Peter Chattaway is, as always, right on top of the announcement that there is a film about Paul in the works, with Hugh Jackman in the lead. Given the famous anecdote in the apocryphal Acts of Paul and Thecla which describes him as short, bald, bow-legged, and unibrowed, I have always pictured Paul more as Wallace Shawn than the strapping Jackman. Even though Thecla was not well accepted as a legitimate description of Paul, one can still see its effect on representations of the apostle in early Christian art.

It is true that Paul is fairly self-deprecating in his letters, as when he reminds the church in Corinth that he did not initially come across as a very charismatic or eloquent man (1 Corinthians 2:1-5). But they were persuaded nonetheless, and a small community of Christians grew amidst the bustle of this thriving crossroads of Greece and Rome. They were compelled. There was something about Paul they found wise and true, and even a little bit revolutionary.

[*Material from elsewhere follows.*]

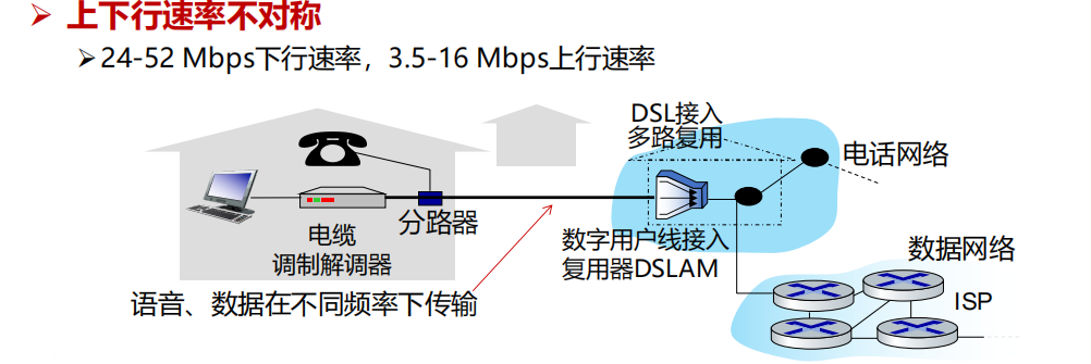 DSL (数字用户线) :利用现有电话线,通过不同频率同时传输语音和数据,带宽非对称(下行 > 上行)。

This personality of Paul lies between the lines of much of the New Testament, and is an important part of understanding how the church bloomed so quickly north and west across the Roman empire. His rhetoric was often antagonistic. He read the Hebrew scriptures in odd ways. His work among Gentiles ran against the grain of more established early Christian practice. He was accosted by crowds and chased out of cities.

He just wasn’t exactly the kind of person you want to claim as a religious or theological inspiration. But so many did because they could see in Paul what others had seen in Jesus. He had an unwavering sense of mission, an alluring conviction about the nature of time and history, and a subversive generosity of spirit (usually).

Because this can be difficult to see in the text, good movie representations of Paul are very valuable. A few points this direction:

1. The personality of Paul is one of the driving forces of the New Testament. It can be hard to hear this across so many centuries through the obscurities of his prose and Luke’s account of his travels through Asia Minor and Greece. But if we want to understand what made Paul tick and how he arrived at some of his core theological convictions, we need to be able to imagine him in action. We need to be able to grasp the features of his biography that made him such a unique and tireless witness to the earliest Jesus movement in Jerusalem and Antioch.

A lot of the clumsiest scholarship on Paul is marked by a lack of this imagination. Conversely, much of the best scholarship on Paul begins by entering into his interesting biographical drama.

2. Paul’s theology was narrative in scope. He was not necessarily a teacher of ideas, but someone with a new story to tell about how God works in history and invites others to participate in that redemptive work. His story encompassed re-readings of the history of Israel, the foundations of the Empire, and even of himself. He thought of himself as someone called by God from one story to another. He lends himself to the medium of cinema.

3. It is always a good time to hear Paul. Paul often gets a bad rap. A few of his texts are battlegrounds for debate on homosexuality, gender distinctions, the authority of the church, etc… It is fair to quibble about these elements of his work. But at the center of Paul’s thought is a call to liberation. Because Paul was able to see through the politics and ideologies of his own era in timeless ways, he was, as F.F. Bruce described him, the “apostle of the heart set free.” Even just his basic biography has much to say to us today about what it means to live and flourish in society.

These are the kinds of things a movie can get very right about Paul.